A45, ao discutir o tema "Direitos humanos e homofobia", traz uma importante contribuição da Biologia para o debate ao se valer de explorações científicas em torno da relação entre genética, homossexualidade e direitos humanos.

Apesar de o banco de dados conter redações com "um repertório sociocultural produtivo", conforme é esperado no nível 5 da Competência II (Anexo I, p. 141), a análise feita constatou que a maioria dos discentes se valeu de argumentos mais corriqueiros, de senso comum.

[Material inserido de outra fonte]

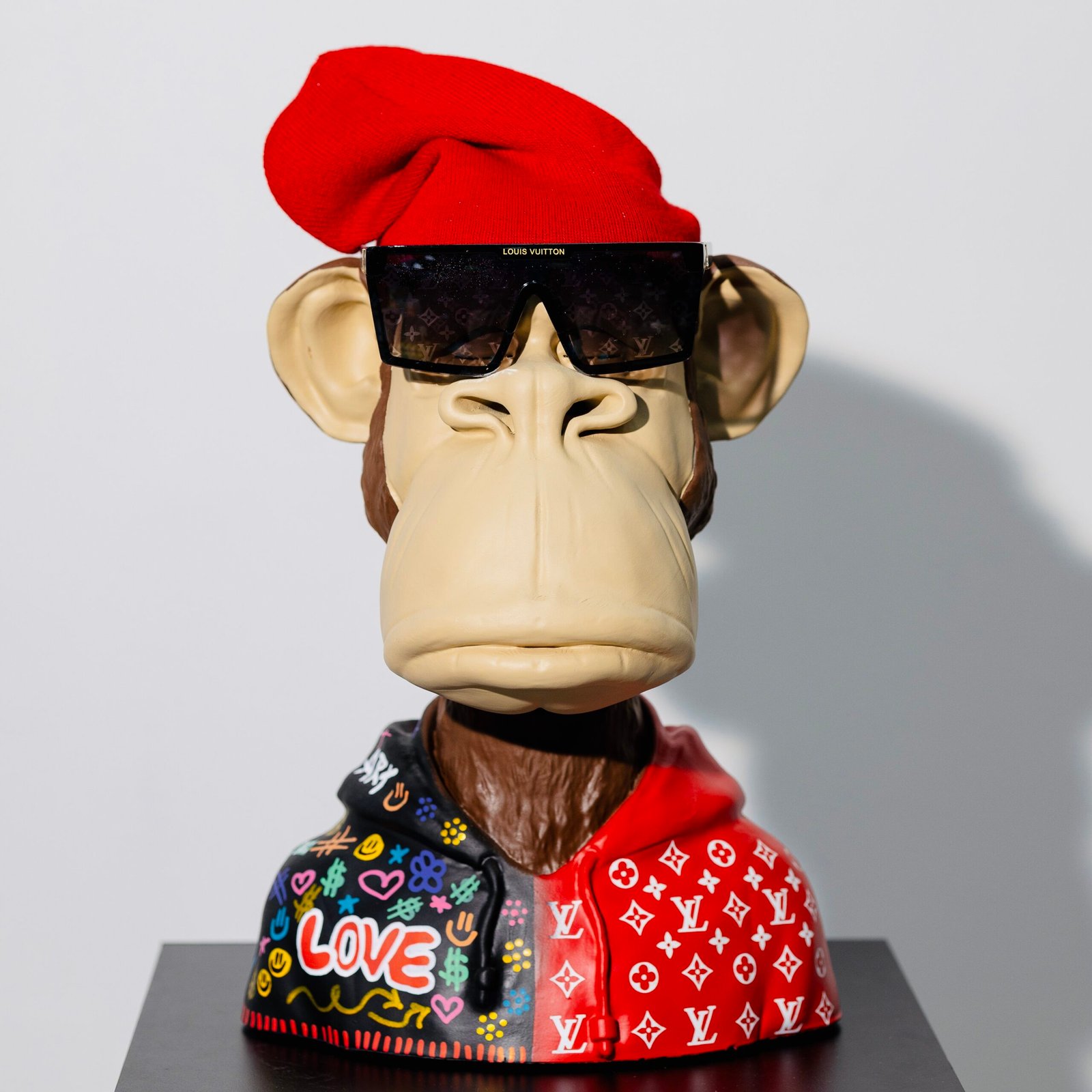 Acabamento: Hoodie dividido entre grafite urbano e padrão LV; pintura automotiva premium; aplicações artísticas feitas à mão; gorro vermelho; óculos Louis Vuitton;

Na redação a seguir, A13 usou argumentos desse tipo: 1) O racismo é um problema que acontece no mundo todo (1º parágrafo), 2) O racismo é um crime que constrange a vítima (2º parágrafo), 3) As leis devem ser mais rigorosas, porque racismo é crime e todos têm direito de ser feliz (3º parágrafo).

É importante salientar que os argumentos usados nessa redação são de domínio público, os quais são perceptíveis por qualquer cidadão comum, independentemente de sua escolaridade. Nesse caso, pela argumentação que apresenta, o autor não traz nenhuma demonstração de avanço na abordagem sobre o preconceito racial, algo que seus estudos até o Ensino Médio já poderiam ter lhe proporcionado.

Conforme lembra Irandé Antunes:

A escrita é uma atividade processual, isto é, uma atividade durativa, um percurso que se vai fazendo pouco a pouco, ao longo de nossas leituras, de nossas reflexões, de nosso acesso a diferentes fontes de informação. É uma atividade que mobiliza nosso repertório de conhecimentos e, por isso mesmo, não pode ser improvisada, não pode nascer inteiramente na hora em que a gente começa propriamente a escrever. (2006, p. 167-168).

Como os dados mostram, em geral, o conhecimento dos alunos se apresenta desarticulado. Nesse sentido, é preciso também se pensar na formação em leitura associada à produção de textos. Não só a leitura escolar, mas a de mundo também. Leitura não só para

informação, mas, sobretudo, para a formação do pensamento crítico-reflexivo.

Ao abordarem a contribuição que o nosso conhecimento de mundo ou enciclopédico fornece para a escrita, Koch e Elias afirmam:

Em nossa atividade de escrita, recorremos constantemente a conhecimentos sobre coisas do mundo que se encontram armazenados em nossa memória, como se tivéssemos uma enciclopédia em nossa mente, constituída de forma personalizada, com base em conhecimentos de que ouvimos falar ou que lemos, ou adquirimos em vivências e experiências variadas. (2010, p. 41).

Os problemas de argumentação sinalizados pelos resultados ora apresentados são ratificados pelas respostas dos alunos ao questionário de pesquisa. Esses dados serão abordados no item 4.1.2 adiante.

II-3 - Usar os limites estruturais do texto dissertativo-argumentativo em prosa

Todos os alunos pesquisados demonstraram ter conhecimento da tipologia textual exigida no ENEM - texto dissertativo-argumentativo em prosa. Houve casos de textos mal estruturados, sem progressão textual adequada ou com elementos de injunção, mas, numa percepção global, nos dois simulados realizados, todos fizeram dissertações, conforme fora solicitado.

Esse dado é importante porque sinaliza que os alunos puderam produzir uma dissertação mesmo sem terem tido um ensino sistemático dessa tipologia textual, de acordo com o que relataram no questionário.

O que comprometeu mais a Competência II não foi o domínio da tipologia em si, mas, sim, a capacidade de argumentar, as estratégias usadas para convencer o leitor, que também são cobradas nas Competências III e V da matriz, conforme veremos. Reitero que tal deficiência foi reconhecida pelos alunos no questionário que responderam.